Osip Ivanovich Postnikov Kulush, landowner of Toropets, governor in Dankov in 1620–21.
- Timothy, Kulushov's son, in 1650–51 governor in Dankov.
- Ivan, Kulushov's son, in 1659–60 the governor in Velizh.
  - Luka Ivanovich, the steward in 1686–1703.
    - Mikhail Semenovich, grandson of the previous one, lieutenant colonel, college adviser (1753).
      - Alexander Mikhailovich, his son, Colonel, in 1802–03 the Toropetsky District leader of the nobility.
      - Matvey Mikhailovich (d. 1810), brother of the previous one, a real state adviser.
        - Mikhail Matveyevich (1787–1829), his son, lieutenant colonel, figure of Freemasonry.
  - Artemy Ivanovich, brother of Luka Ivanovich, a steward in 1687–1703.
    - Bogdan Artemievich, Guard Prime Major.
      - Alexey Bogdanovich (1744–1806), Privy Councilor, Senator; Married to Countess Varvara Ivanovna Gendrikova, second cousin of Peter III.
        - Alexander Alekseevich (d. 1822), colonel.
  - Sergei Ivanovich, brother of Luka and Artemy Ivanovich, a steward in 1689–1703.
    - Peter Ivanovich (1745–1811), the grandson of the previous one, writer and traveler.
      - Egor Alekseevich, nephew of the previous, Toropetsky district leader of the nobility (1811–12).
        - Nikolai Egorovich (1807–1866), his son, lieutenant general.
        - Vladimir Egorovich (1819–1886), general, commandant of Odessa.
        - Platon Ivanovich (1804–59), cousin of the two previous ones, major general.

==Kaluga landowners==
Pyotr Semenovich Chelishchev, in 1600–02, the bypass head in Moscow, the grand-nephew of Ilya Mikulych.

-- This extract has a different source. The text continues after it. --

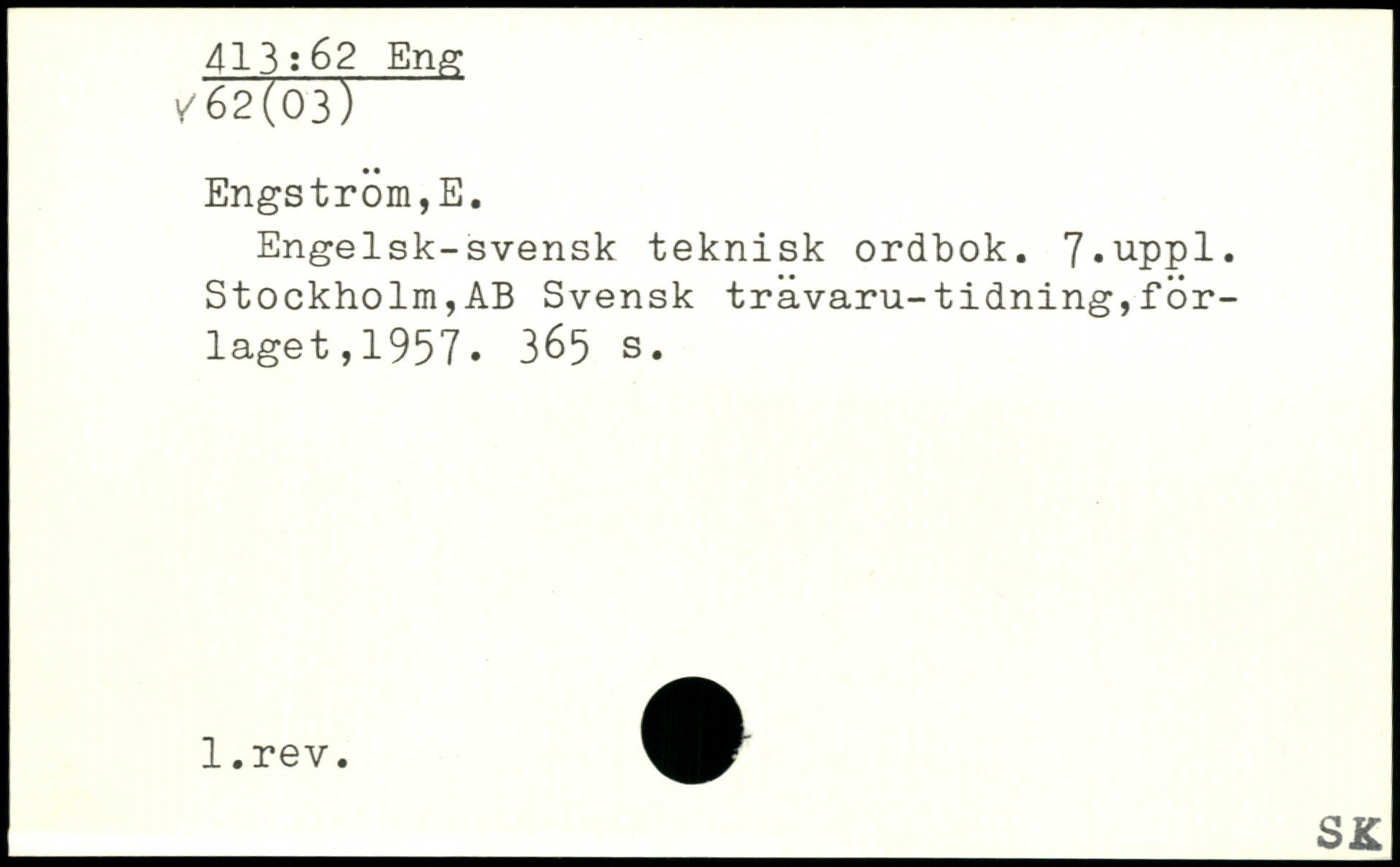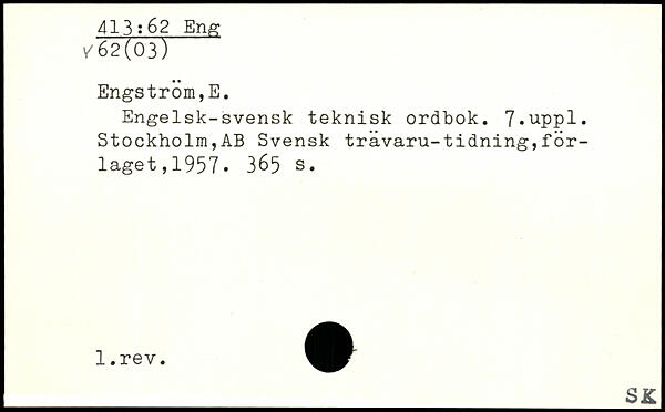 Engelsk-svensk teknisk ordbok. 7,uppl. Stockholm,AB Svensk travaru-tidning,for- laget,1957.

- Ivan Petrovich, his son, was granted the estate near Maloyaroslavets for the siege of Moscow in 1610.
  - Afinogen Ivanovich, his son, a Maloyaroslavets city nobleman, was wounded near Smolensk in 1634.
    - Bogdan Afinogenovich, his son, governor in Turinsk (1690) and Ilimsk (1694).
      - Pyotr Alferyevich, the nephew of the previous one, in 1734 the Siberian provincial prosecutor.
        - Ivan Petrovich (d. 1779), his son, a court adviser, according to Konstantin Kedrov, was a Rosicrucian.
Nikita Dmitrievich, second cousin of Pyotr Semyonovich and grand-nephew of Ilya Mikulych.
- Karp Nifontovich, his great-grandson, was killed near Konotop in 1659.
  - Timofey Ignatievich (1696 – after 1774), the grandson of the previous one, the Maloyaroslavsky landowner, a retired lieutenant (1738).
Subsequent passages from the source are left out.